FXYD domain-containing ion transport regulator 5 also named dysadherin (human) or RIC (mouse) is a protein that in humans is encoded by the FXYD5 gene.

Function 

This gene encodes a member of a family of small membrane proteins that share a 35-amino acid signature sequence domain, beginning with the sequence PFXYD and containing 7 invariant and 6 highly conserved amino acids. The approved human gene nomenclature for the family is FXYD-domain containing ion transport regulator. Mouse FXYD5 has been termed RIC (Related to Ion Channel). FXYD2, also known as the gamma subunit of the Na,K-ATPase, regulates the properties of that enzyme. FXYD1 (phospholemman), FXYD2 (gamma), FXYD3 (MAT-8), FXYD4 (CHIF), and FXYD5 (RIC) have been shown to induce channel activity in experimental expression systems. Transmembrane topology has been established for two family members (FXYD1 and FXYD2), with the N-terminus extracellular and the C-terminus on the cytoplasmic side of the membrane. This gene product, FXYD5, has not been characterized as a protein. Two transcript variants have been found for this gene, and they are both predicted to encode the same protein.

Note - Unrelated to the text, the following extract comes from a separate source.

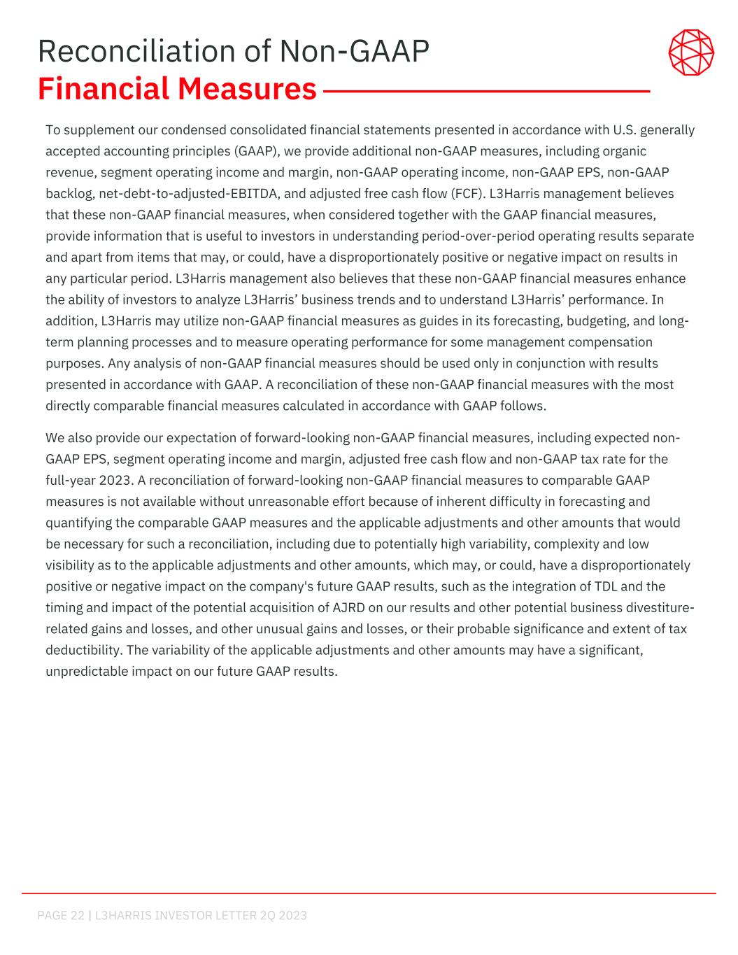 PAGE 22 | L3HARRIS INVESTOR LETTER 2Q 2023 To supplement our condensed consolidated financial statements presented in accordance with U.S. generally accepted accounting principles (GAAP), we provide additional non-GAAP measures, including organic revenue, segment operating income and margin, non-GAAP operating income, non-GAAP EPS, non-GAAP backlog, net-debt-to-adjusted-EBITDA, and adjusted free cash flow (FCF). L3Harris management believes that these non-GAAP financial measures, when considered together with the GAAP financial measures, provide information that is useful to investors in understanding period-over-period operating results separate and apart from items that may, or could, have a disproportionately positive or negative impact on results in any particular period. L3Harris management also believes that these non-GAAP financial measures enhance the ability of investors to analyze L3Harris’ business trends and to understand L3Harris’ performance. In addition, L3Harris may utilize non-GAAP financial measures as guides in its forecasting, budgeting, and long- term planning processes and to measure operating performance for some management compensation purposes. Any analysis of non-GAAP financial measures should be used only in conjunction with results presented in accordance with GAAP. A reconciliation of these non-GAAP financial measures with the most directly comparable financial measures calculated in accordance with GAAP follows. We also provide our expectation of forward-looking non-GAAP financial measures, including expected non- GAAP EPS, segment operating income and margin, adjusted free cash flow and non-GAAP tax rate for the full-year 2023. A reconciliation of forward-looking non-GAAP financial measures to comparable GAAP measures is not available without unreasonable effort because of inherent difficulty in forecasting and quantifying the comparable GAAP measures and the applicable adjustments and other amounts that would be necessary for such a reconciliation, including due to potentially high variability, complexity and low visibility as to the applicable adjustments and other amounts, which may, or could, have a disproportionately positive or negative impact on the company's future GAAP results, such as the integration of TDL and the timing and impact of the potential acquisition of AJRD on our results and other potential business divestiture- related gains and losses, and other unusual gains and losses, or their probable significance and extent of tax deductibility. The variability of the applicable adjustments and other amounts may have a significant, unpredictable impact on our future GAAP results. Reconciliation of Non-GAAP Financial Measures

Dysadherin is the gamma5 subunit of the human Na,K-ATPase. Of all the FXYD members, dysadherin is the only member that has a large extracellular sequence of 140 amino acids. Dysadherin has been observed to be over-expressed on the surface of cells that have down regulated levels of surface E-cadherin. CCL2 (bone homing cytokine)is a protein that is highly affected by silencing dysadherin expression. Dysadherin interferes with cell adhesion via beta1 subunit interactions. Dysdaherin is a target for an extracellular antibody drug conjugate where the antibody to dysadherin is attached to a cardiac glycoside.

Clinical significance 

Dysadherin has been found to be a marker for metastatic cancers and found up-regulated in multiple cancer types.